Bei der Neuausschreibung im Jahr 2011 setzte sich letztlich ORS durch. Die ORS Service GmbH gehört der Schweizer Ox Group, die im Sommer 2013 von der britischen Equistone Partners Europe (EPE) gekauft worden ist. Diese wiederum gehört laut Homepage rund 30 institutionellen Anlegern und der Barclays Bank.

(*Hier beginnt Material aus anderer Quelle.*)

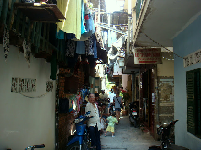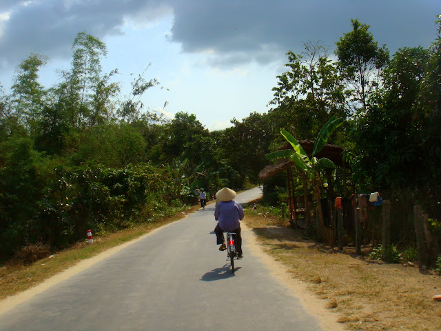 Sur le chemin je suis confronté à une histoire que m'avait dit Eric (rencontré en Mongolie) sur un ami à lui qui au Vietnam un jour à aidé un homme pour donner des renseignements à sa fille sur la France et plus particulièrement sur Lyon où elle allait étudier. Il a même été invité à manger chez eux le lendemain, sauf qu'il n'a jamais vu la fille et s'est retrouvé dans une drôle de combine pour plumer une femme (sûrement complice) ou plutôt se faire plumer au poker. Il s'est échappé en courant quand le gars lui a demandé d'augmenter les gains et d'aller chercher un peu plus d'argent au distributeur. Escorté par l'un des gars de la famille et sentant que le plumage allait être pour lui, il s'est enfui par la porte arrière de la banque. Donc marchant dans la rue et pour la deuxième fois de la journée on me demande d'où je suis et quand je réponds de France on me demande si je connais Lyon, je demande pourquoi et on me sert l'histoire d'une fille ou d'une sœur qui doit justement partir étudier ou travailler dans un hôpital là bas ou qui y est déjà et qui aurait besoin de conseils (le temps qu'il fait etc..). On me demande si je veux la rencontrer. Je leur réponds qu'elle n'a qu'à demander une fois sur place ou de se renseigner sur internet, j'hésite même à dire que je ne joue pas au poker. Peut être sont ils honnêtes, peut être sont ils des arnaqueurs. Toujours est il que l'un d'eux m'explique que le Vietnam et la France ont un programme d'échange hospitalier. Mais quand on me demande de venir chez eux pour appeler leur fille et lui dire quel temps comment est le temps en France alors qu'elle y est déjà manque un peu de finesse. J'hésite même si on me redemande à dire que je viens d'argentine ou d'Espagne pour voir si ils ont pas une sœur qui justement a prévu de travailler à Buenos Aires ou à Barcelone.

Betriebswirtschaftlich weist die ORS für das Jahr 2014 bei einer Bilanzsumme von 12,1 Millionen einen Bilanzgewinn von einer Million aus. 500.000 Euro davon werden an die Gesellschafter_innen ausgeschüttet. Öffentlicher Gelder werden hier nicht in die Flüchtlingsarbeit reinvestiert, sondern in den privaten Finanzsektor umverteilt. Diese Tendenz, dass sozial gewidmete Steuergelder über kommerzielle Profitunternehmen an private Fondsbesitzer_innen fließen, findet sich mittlerweile auch in anderen Feldern sozialer Dienstleistungen. In der Pflege beispielsweise hat Senecura ihre 2008 erworbene Tochter Senevita, die in der Schweiz etwa 1200 Betten in Alten- und Pflegeheimen führt, vor kurzem an die international tätige ORPEA Aktiengesellschaft verkauft. ORPEA ist in Westeuropa mit etwa 52.000 Betten vertreten, und hat mit dem Zukauf der Senevita ihren Expansionskurs weiter verstärkt. Ebenfalls wurde die Silver Care Group aus Deutschland mit etwa 6000 Betten geschluckt. In der Presseaussendung von ORPEA hört sich das so an: «Nach den Übernahmen von Senevita in der Schweiz und Silver Care in Deutschland im Jahr 2014 beginnt ORPEA das Jahr 2015 erneut mit einer strategischen Operation mit hohem Entwicklungspotenzial. Diese Übernahme eines Vermögenswertes, der über eine in Österreich und der Tschechischen Republik einzigartige Wettbewerbsposition verfügt, bietet ORPEA eine neue Wachstums- und Rentabilitätsquelle sowie wertsteigernde Entwicklungschancen.» Was das an der Pariser Börse notierte Unternehmen optimistisch macht, ist der erhoffte Abbau der öffentlichen Daseinsvorsorge. In Österreich gebe es ein «massive Dominanz der öffentlichen Akteure … und das vor dem Hintergrund sinkender öffentlicher Ausgaben.» Heißt übersetzt, wenn Qualität & Zugang durch Kürzung bei solidarisch finanzierter Pflege sinkt, steigen die Chancen für kommerzielle Anbieter_innen. Mit der Pflege für alte Menschen in einkommensschwachen Gebieten will man sich nicht aufhalten: Chancen gebe es für «Entwicklung in den Gebieten mit hoher Kaufkraft». Auch hier: Öffentliche Steuergelder werden nicht in die Pflege reinvestiert, sondern in den privaten Finanzsektor nach oben umverteilt. Ein Ausverkauf zu Lasten einer leistbaren Pflege für alle.